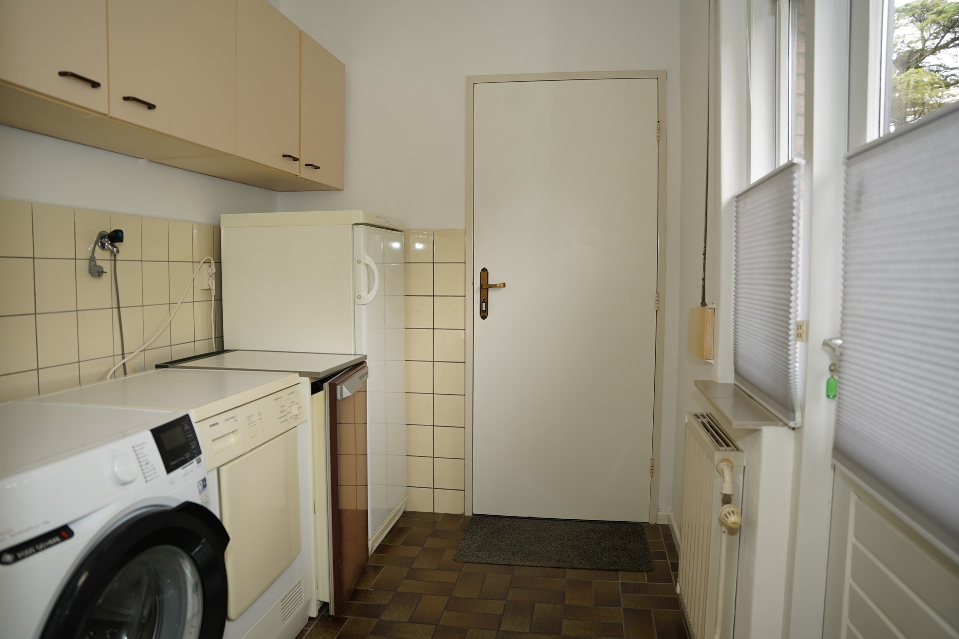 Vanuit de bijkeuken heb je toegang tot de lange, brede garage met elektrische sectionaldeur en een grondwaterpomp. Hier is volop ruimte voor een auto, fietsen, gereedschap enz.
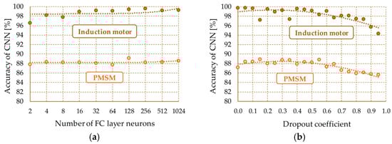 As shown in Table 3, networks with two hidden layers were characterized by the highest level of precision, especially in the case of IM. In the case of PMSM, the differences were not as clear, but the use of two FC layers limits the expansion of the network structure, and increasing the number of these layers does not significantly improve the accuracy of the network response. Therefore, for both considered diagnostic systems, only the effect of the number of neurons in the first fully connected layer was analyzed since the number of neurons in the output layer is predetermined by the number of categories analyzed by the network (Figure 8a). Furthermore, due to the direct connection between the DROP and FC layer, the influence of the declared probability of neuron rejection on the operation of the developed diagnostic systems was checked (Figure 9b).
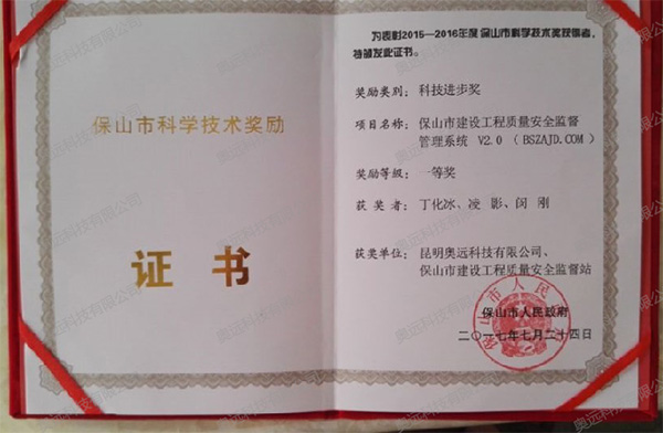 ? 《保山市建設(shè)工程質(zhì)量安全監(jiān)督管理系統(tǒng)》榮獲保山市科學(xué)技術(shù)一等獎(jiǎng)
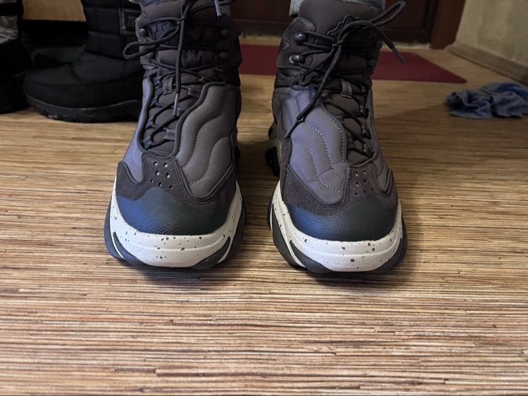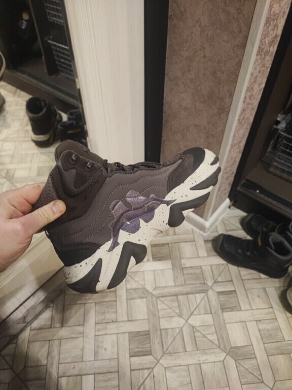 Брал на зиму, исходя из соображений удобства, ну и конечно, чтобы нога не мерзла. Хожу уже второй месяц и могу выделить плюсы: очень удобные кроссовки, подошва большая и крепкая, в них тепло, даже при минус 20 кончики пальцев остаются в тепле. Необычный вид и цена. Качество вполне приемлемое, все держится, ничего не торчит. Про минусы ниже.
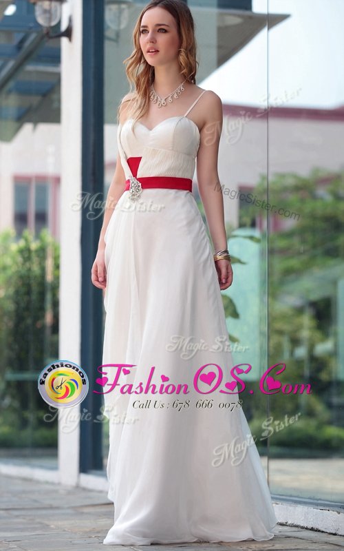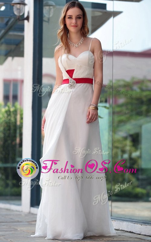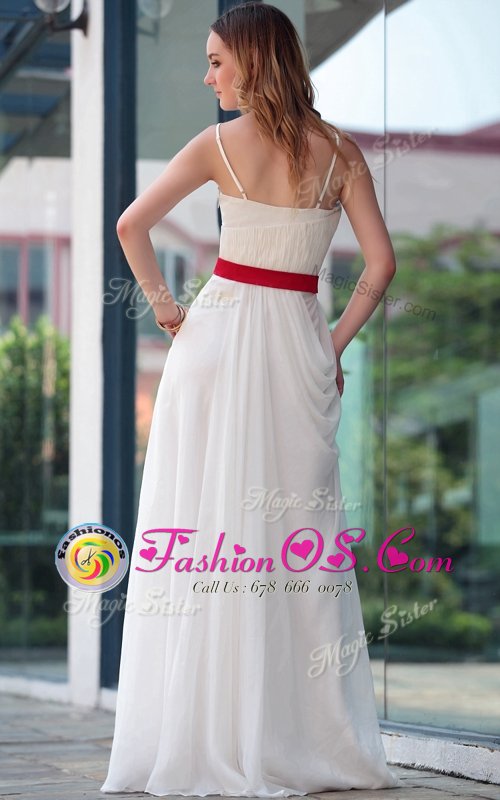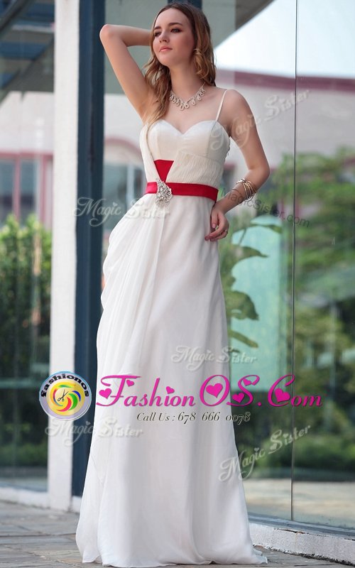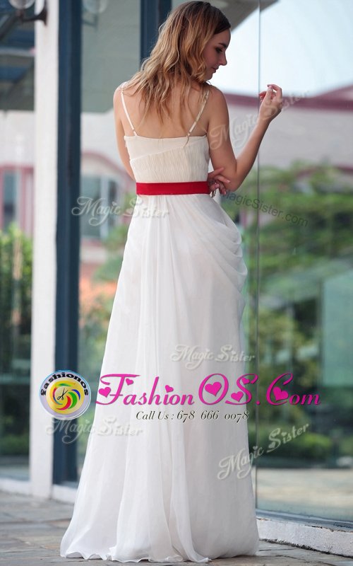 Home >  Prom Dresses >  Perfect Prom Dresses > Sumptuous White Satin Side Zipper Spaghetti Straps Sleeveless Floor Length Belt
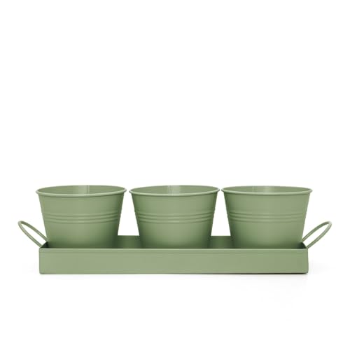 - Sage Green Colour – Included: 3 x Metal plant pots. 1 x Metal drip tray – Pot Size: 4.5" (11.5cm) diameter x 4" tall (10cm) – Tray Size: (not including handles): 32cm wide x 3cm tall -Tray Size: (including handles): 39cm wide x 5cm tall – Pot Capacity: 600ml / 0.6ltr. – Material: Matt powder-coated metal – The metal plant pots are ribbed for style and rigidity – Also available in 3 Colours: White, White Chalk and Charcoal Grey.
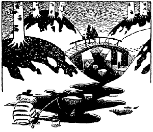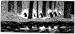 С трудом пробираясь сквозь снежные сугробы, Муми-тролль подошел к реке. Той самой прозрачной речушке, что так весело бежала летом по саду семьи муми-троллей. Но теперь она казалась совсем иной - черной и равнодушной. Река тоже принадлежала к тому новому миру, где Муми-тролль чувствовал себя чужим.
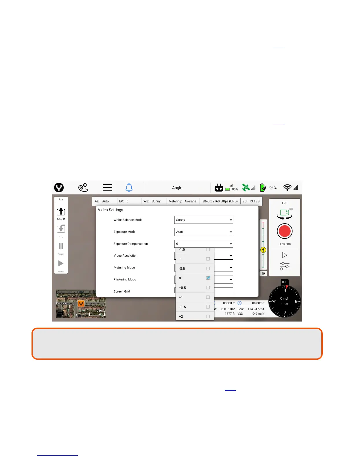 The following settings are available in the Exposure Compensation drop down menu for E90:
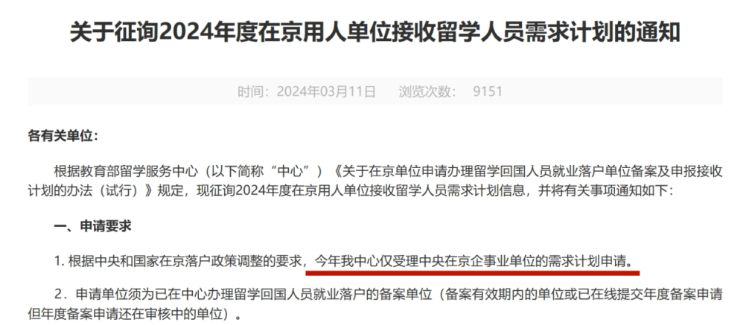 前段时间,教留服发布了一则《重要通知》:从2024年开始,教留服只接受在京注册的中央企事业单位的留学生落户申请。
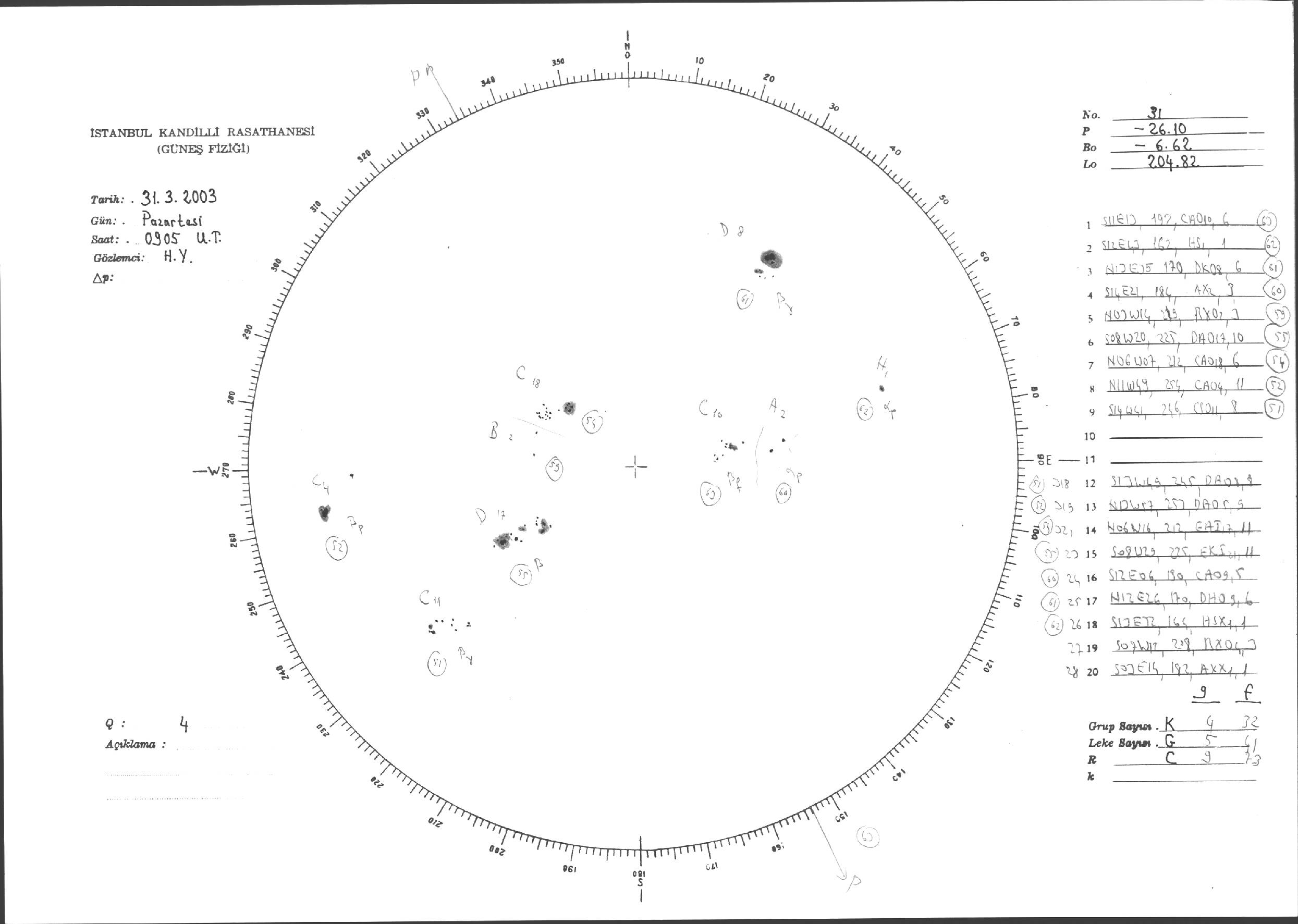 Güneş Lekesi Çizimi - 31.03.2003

━━━

*WHAT YOU HAVE TO DO*.
Every record above should reappear exactly, with the pictures gone.

*WRITTEN SOLUTION*.
 Vanuit de bijkeuken heb je toegang tot de lange, brede garage met elektrische sectionaldeur en een grondwaterpomp. Hier is volop ruimte voor een auto, fietsen, gereedschap enz.
 As shown in Table 3, networks with two hidden layers were characterized by the highest level of precision, especially in the case of IM. In the case of PMSM, the differences were not as clear, but the use of two FC layers limits the expansion of the network structure, and increasing the number of these layers does not significantly improve the accuracy of the network response. Therefore, for both considered diagnostic systems, only the effect of the number of neurons in the first fully connected layer was analyzed since the number of neurons in the output layer is predetermined by the number of categories analyzed by the network (Figure 8a). Furthermore, due to the direct connection between the DROP and FC layer, the influence of the declared probability of neuron rejection on the operation of the developed diagnostic systems was checked (Figure 9b).
 ? 《保山市建設(shè)工程質(zhì)量安全監(jiān)督管理系統(tǒng)》榮獲保山市科學(xué)技術(shù)一等獎(jiǎng)
 Брал на зиму, исходя из соображений удобства, ну и конечно, чтобы нога не мерзла. Хожу уже второй месяц и могу выделить плюсы: очень удобные кроссовки, подошва большая и крепкая, в них тепло, даже при минус 20 кончики пальцев остаются в тепле. Необычный вид и цена. Качество вполне приемлемое, все держится, ничего не торчит. Про минусы ниже.
 Home >  Prom Dresses >  Perfect Prom Dresses > Sumptuous White Satin Side Zipper Spaghetti Straps Sleeveless Floor Length Belt
 - Sage Green Colour – Included: 3 x Metal plant pots. 1 x Metal drip tray – Pot Size: 4.5" (11.5cm) diameter x 4" tall (10cm) – Tray Size: (not including handles): 32cm wide x 3cm tall -Tray Size: (including handles): 39cm wide x 5cm tall – Pot Capacity: 600ml / 0.6ltr. – Material: Matt powder-coated metal – The metal plant pots are ribbed for style and rigidity – Also available in 3 Colours: White, White Chalk and Charcoal Grey.
 С трудом пробираясь сквозь снежные сугробы, Муми-тролль подошел к реке. Той самой прозрачной речушке, что так весело бежала летом по саду семьи муми-троллей. Но теперь она казалась совсем иной - черной и равнодушной. Река тоже принадлежала к тому новому миру, где Муми-тролль чувствовал себя чужим.
 The following settings are available in the Exposure Compensation drop down menu for E90:
 前段时间,教留服发布了一则《重要通知》:从2024年开始,教留服只接受在京注册的中央企事业单位的留学生落户申请。
 Güneş Lekesi Çizimi - 31.03.2003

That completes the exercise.